5 Theatre Games Every Drama Teacher Should Know

Written by Meaghan McKiernan

July 29, 2017

Have you ever found yourself at the beginning of the school year looking for ice-breaker games for your students? Do you often notice students stuck in the same old acting habits? Are you looking for a fun way to get your acting students to think on their feet? Here are five games all theatre teachers should know about.

1. Zip Zap Zoom

This quirky, fast-faced game will challenge your students to think on your feet. All students stand in a circle shoulder to shoulder. The rules are simple: clap to the right is “Zip”, clap to the left is “Zap”, clap across the circle is “Zoom.” One student starts by choosing any of the funky words and speaking it aloud along with the correct action. You can repeat the actions as many times as you want. If a student gets the word or action incorrect, they are then out. The last person standing wins.

2. The Machine Game

This is a great game to get those creative juices flowing in your students! One student is instructed to stand at the front of the room and combine an action with a noise. For example, they could click their tongue and raise and lower their left arm. The student continually repeats this sound/action combo while other students go up to join him/her. The joining students can form in any position around the original player but must all be connected somehow (a hand on the shoulder, laying on their feet, etc.) The goal is to create a working “machine.” Once all the students have formed their machine they must all decide what their machine does.

3. The Prop Game

The prop game is an exercise for students that will get them thinking beyond their limits. To play, two to three students stand at the front of the room and are instructed to find any object in the room to use as their scene prop. After they have chosen their props they may break out into a short improvisation. The catch- their prop cannot be used as the actual item it is! This never fails to get creative juices going and a few laughs going.

4. The Question Game

Think fast and just keep talking! That’s the best tactic for this concentration game. The question game is played by separating your students into two teams. The teams should line up in a straight line with the line leaders facing each other. One leader starts with a question and the other line leader must respond with another question. The questions need not all be related, but must be in a continuous flow without hesitation. If one leader hesitates or speaks anything that is not in the form of a question, they are then out of the game. The winner of that round then goes to the back of their line.
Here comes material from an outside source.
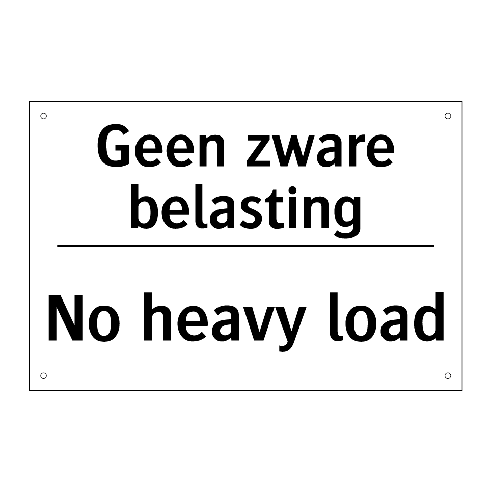 Verbodsbord met de tekst Geen zware belasting en in het Engels: No heavy load
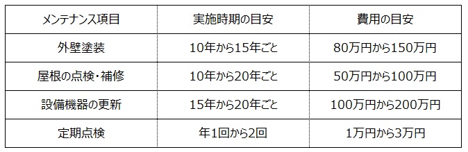 ただし、JTIの残価保証を受けるためには、長期メンテナンスプログラムを実施し、住宅の品質を維持することが必須条件となるため、定期的な点検や計画的な修繕に費用と手間がかかります。ある住宅メーカーは以下のような費用がかかるとホームページで公開していますが、仮に住宅取得後60年間住む場合は、安く見積もっても830万円程度の費用が掛かります。

The game continues with each new pair of line leaders until one team is left.

5. The Beep Game

This is a great game to get students out of their old acting habits or regular choices. To play this game, two to three students are given a scenario for a scene that they will improv dialogue and character formation for. It should be something generic that they can do anything with. One student observer is given the position of “The Beeper”. Whenever they choose, The Beeper may say the word “beep” and the actor speaking must change the last thing they said. The goal is to move the scene in a more interesting direction than his/her previous choice. The scene can go on as long as the instructor of the game feels is natural.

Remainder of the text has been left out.